My light-hearted illustration of exercising caution and analysis of results would be if i present to you a research study that suggests healthy people cost more than overweight people over their lifespan (actual research) yet as consumers (excuse the pun!) of this evidence we would clearly read between the lines and evaluate the quality and applicability of said outcomes before encouraging each other to be overweight.

0 points

I feel that more weight has to be placed on clinical experience. It may not been back by scientists, but I don't see scientists healing my patients either. When I apply U/S in cases where it is indicated, (IN ADDITION TO MANUAL THERAPY) I see clinically significant result. Whether a lab scientist agrees doesn't change the fact my patient gets better and leaves with a positive impression of PT.

1 point

It is inaccurate to suggest that there is no evidence. Evidence is a spectrum, varying in applicability and quality. There may not be lab controlled high quality evidence but there is in fact sufficient and new evidence to support the use of ultrasound in certain cases.

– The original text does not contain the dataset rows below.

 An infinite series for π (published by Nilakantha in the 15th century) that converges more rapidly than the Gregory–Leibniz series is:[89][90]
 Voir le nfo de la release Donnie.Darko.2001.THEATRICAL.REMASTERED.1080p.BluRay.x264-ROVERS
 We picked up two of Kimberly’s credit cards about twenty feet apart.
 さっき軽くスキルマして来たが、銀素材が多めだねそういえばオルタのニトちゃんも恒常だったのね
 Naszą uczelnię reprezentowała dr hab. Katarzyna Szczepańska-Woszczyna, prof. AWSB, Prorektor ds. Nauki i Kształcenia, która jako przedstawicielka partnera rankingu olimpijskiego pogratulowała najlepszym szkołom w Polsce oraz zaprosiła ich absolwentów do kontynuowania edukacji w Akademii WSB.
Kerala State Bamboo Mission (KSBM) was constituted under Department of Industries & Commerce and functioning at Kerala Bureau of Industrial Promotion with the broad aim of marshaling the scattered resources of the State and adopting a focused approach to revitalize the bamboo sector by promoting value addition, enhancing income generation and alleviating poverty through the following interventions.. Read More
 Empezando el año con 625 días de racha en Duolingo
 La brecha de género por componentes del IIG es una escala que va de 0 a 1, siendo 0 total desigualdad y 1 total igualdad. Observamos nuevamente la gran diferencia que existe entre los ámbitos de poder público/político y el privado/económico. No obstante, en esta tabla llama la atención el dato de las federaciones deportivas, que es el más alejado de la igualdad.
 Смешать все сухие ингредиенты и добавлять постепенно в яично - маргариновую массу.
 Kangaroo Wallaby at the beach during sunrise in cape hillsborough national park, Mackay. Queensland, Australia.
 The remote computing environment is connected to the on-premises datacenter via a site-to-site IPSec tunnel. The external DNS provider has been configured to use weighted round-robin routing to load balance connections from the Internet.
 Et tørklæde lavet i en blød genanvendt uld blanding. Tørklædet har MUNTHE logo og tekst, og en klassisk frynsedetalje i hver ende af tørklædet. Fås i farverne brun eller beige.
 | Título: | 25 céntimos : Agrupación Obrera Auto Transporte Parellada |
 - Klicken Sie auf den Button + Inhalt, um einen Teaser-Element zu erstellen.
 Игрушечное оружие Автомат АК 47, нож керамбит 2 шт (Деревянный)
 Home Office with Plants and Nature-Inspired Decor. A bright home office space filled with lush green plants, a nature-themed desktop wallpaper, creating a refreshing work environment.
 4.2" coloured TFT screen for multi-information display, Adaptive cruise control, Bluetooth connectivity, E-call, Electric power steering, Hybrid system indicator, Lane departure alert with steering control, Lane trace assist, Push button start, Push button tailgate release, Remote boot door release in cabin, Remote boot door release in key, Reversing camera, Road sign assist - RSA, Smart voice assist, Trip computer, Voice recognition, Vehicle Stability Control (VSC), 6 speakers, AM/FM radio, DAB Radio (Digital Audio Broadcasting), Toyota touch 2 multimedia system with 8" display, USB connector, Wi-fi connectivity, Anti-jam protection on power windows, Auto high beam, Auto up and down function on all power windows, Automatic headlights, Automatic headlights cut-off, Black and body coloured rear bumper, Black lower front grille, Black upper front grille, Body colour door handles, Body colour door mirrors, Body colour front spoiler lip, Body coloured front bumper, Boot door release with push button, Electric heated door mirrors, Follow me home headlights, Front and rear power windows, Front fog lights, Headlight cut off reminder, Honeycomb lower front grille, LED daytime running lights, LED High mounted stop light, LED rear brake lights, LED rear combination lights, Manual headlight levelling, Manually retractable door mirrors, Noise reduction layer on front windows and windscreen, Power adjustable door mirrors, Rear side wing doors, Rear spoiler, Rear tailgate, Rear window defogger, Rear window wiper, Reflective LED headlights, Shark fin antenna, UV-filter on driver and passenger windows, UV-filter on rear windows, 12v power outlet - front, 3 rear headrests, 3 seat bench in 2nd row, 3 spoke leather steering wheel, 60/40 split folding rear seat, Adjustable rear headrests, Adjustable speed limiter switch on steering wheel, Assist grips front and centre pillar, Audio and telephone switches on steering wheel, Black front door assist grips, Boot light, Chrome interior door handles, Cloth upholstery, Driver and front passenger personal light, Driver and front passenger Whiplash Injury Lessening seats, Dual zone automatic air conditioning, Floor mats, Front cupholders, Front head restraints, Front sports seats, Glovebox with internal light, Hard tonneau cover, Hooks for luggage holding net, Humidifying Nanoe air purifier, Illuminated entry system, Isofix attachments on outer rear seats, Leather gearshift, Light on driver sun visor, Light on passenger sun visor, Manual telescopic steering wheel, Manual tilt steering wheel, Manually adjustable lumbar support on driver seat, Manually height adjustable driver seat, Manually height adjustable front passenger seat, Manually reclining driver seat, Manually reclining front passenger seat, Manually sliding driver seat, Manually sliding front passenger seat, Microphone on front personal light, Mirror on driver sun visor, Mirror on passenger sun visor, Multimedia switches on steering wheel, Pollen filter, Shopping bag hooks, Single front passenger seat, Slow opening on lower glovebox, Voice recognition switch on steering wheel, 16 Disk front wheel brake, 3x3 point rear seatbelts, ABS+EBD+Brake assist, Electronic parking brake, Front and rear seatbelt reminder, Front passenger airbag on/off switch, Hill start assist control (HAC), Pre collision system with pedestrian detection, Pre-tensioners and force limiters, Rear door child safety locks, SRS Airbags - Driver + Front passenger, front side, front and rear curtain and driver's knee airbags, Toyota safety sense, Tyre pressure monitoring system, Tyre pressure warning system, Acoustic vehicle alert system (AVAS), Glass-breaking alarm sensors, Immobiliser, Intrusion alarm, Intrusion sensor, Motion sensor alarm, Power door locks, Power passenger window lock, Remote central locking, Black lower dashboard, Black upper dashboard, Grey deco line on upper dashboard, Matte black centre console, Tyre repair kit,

The key is whether a therapist can clinical rationalize and reason its use, i.e. apply it where it will actually make a difference.

1 point

I prefer using manual therapy and not electrotherapy as I prefer to get hands on

1 point

When financial restraints are becoming more and more prominent in the application of health care, we cannot support funding practice that is ineffective. Plus we need to support the integrity of our profession and work at taking the practice forward not backwards.